Exercise prompt:
Reproduce exactly, leaving out pictures, each line from the one holding "LensaKita.co.id — Babinsa" through the final line of the listing, and add nothing.

------ Recorded data

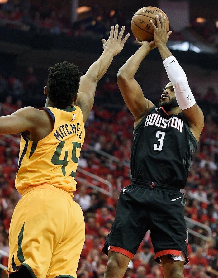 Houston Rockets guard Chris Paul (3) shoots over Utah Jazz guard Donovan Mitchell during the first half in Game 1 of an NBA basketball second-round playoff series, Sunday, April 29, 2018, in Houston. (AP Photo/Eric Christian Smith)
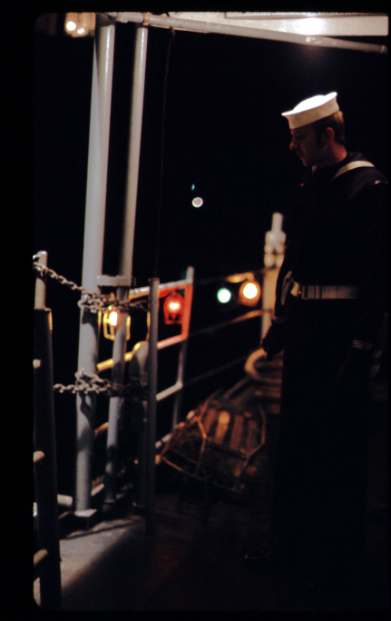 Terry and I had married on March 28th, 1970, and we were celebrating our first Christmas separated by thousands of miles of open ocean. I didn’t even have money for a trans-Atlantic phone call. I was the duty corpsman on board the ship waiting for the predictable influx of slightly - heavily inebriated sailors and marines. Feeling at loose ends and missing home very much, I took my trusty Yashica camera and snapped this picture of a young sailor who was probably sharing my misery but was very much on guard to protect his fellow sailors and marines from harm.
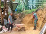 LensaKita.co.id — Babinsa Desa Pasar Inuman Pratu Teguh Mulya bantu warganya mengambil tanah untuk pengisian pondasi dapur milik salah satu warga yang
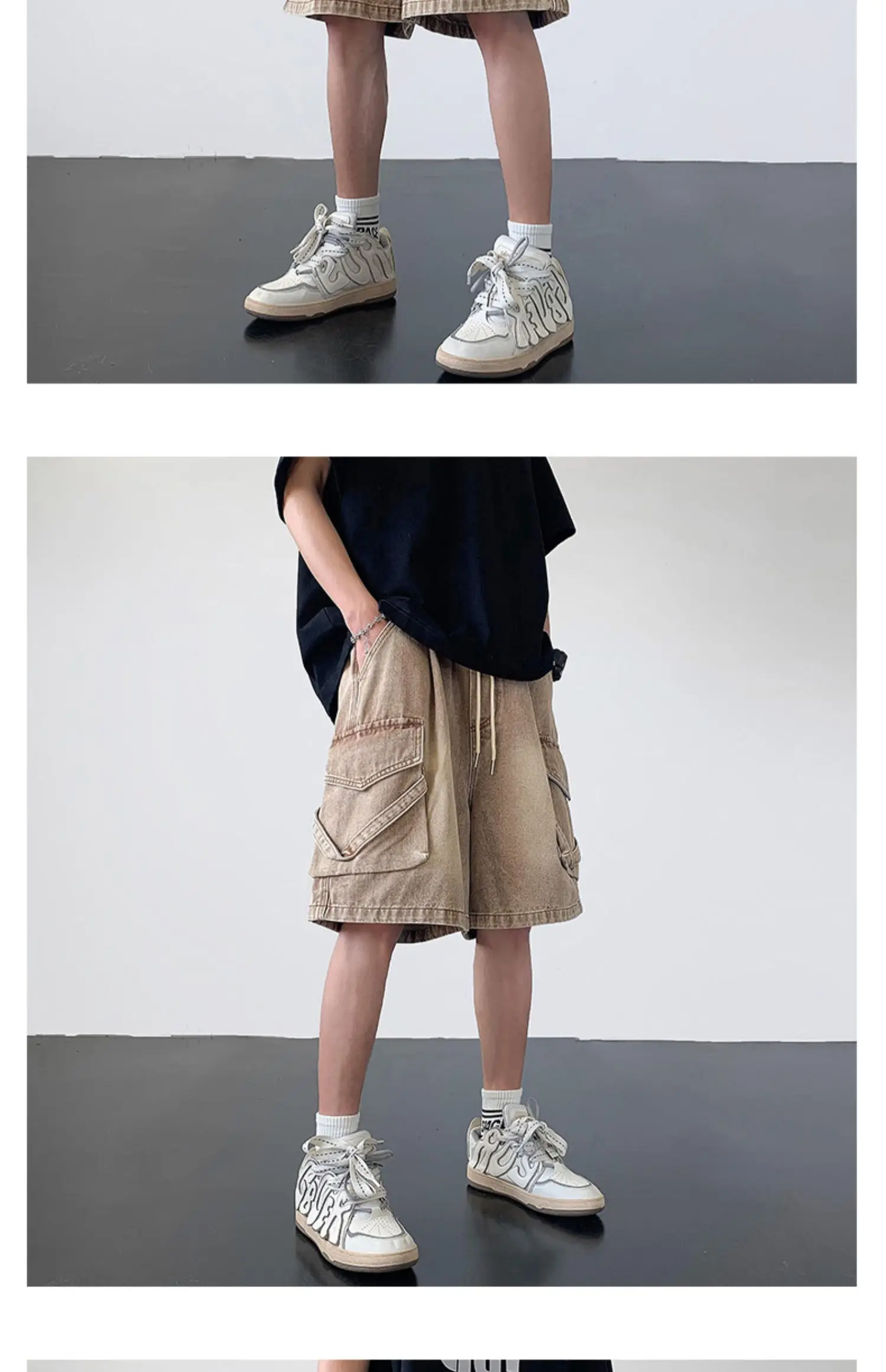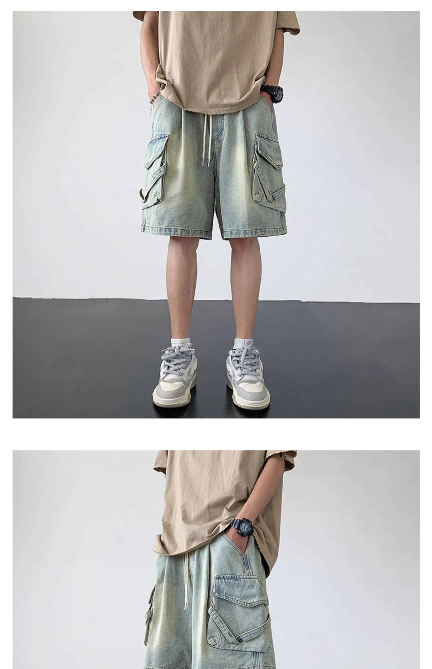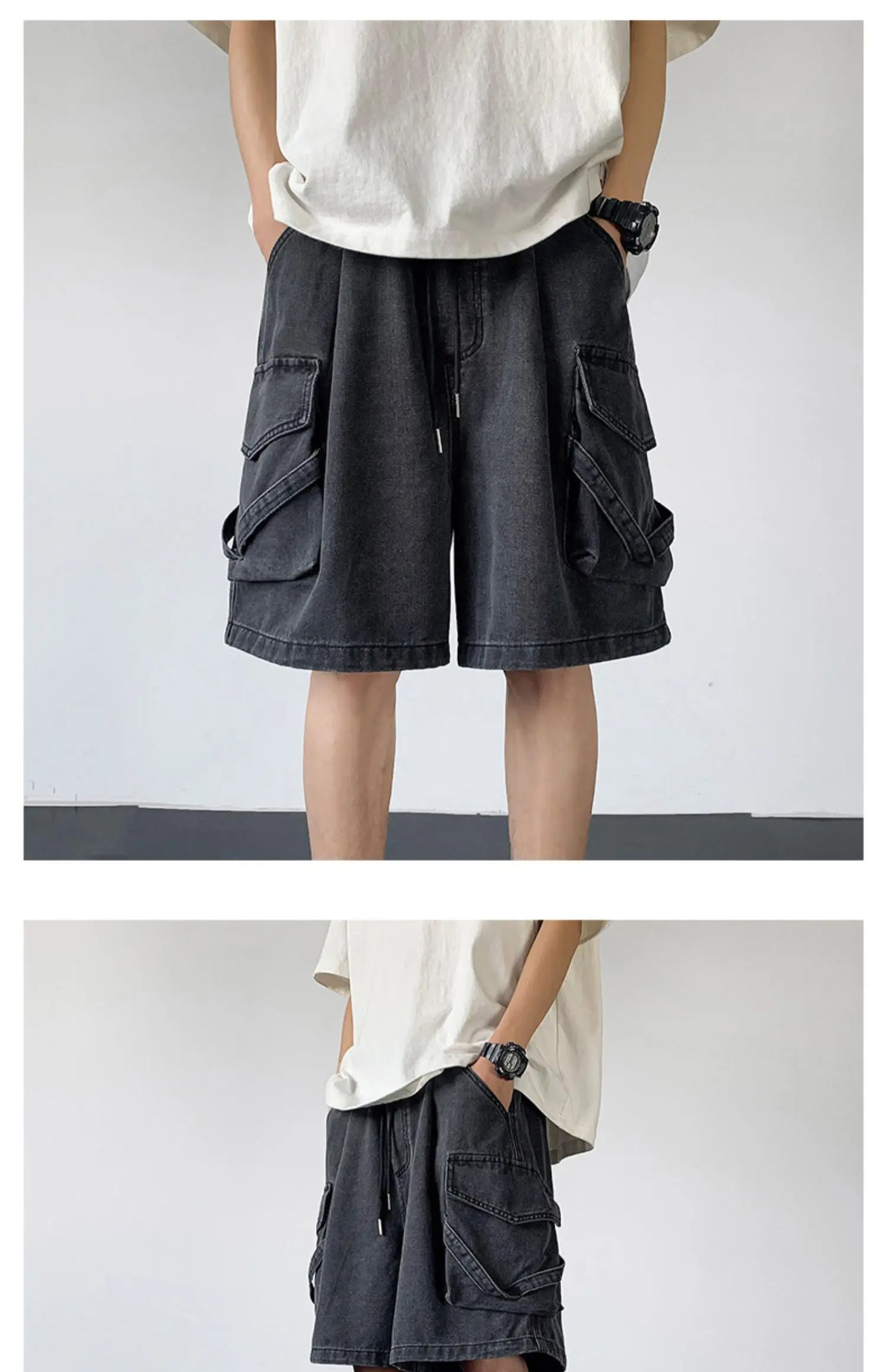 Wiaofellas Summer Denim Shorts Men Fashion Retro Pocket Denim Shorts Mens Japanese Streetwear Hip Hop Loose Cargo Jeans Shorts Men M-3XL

------------

Exercise answer:
 LensaKita.co.id — Babinsa Desa Pasar Inuman Pratu Teguh Mulya bantu warganya mengambil tanah untuk pengisian pondasi dapur milik salah satu warga yang
 Wiaofellas Summer Denim Shorts Men Fashion Retro Pocket Denim Shorts Mens Japanese Streetwear Hip Hop Loose Cargo Jeans Shorts Men M-3XL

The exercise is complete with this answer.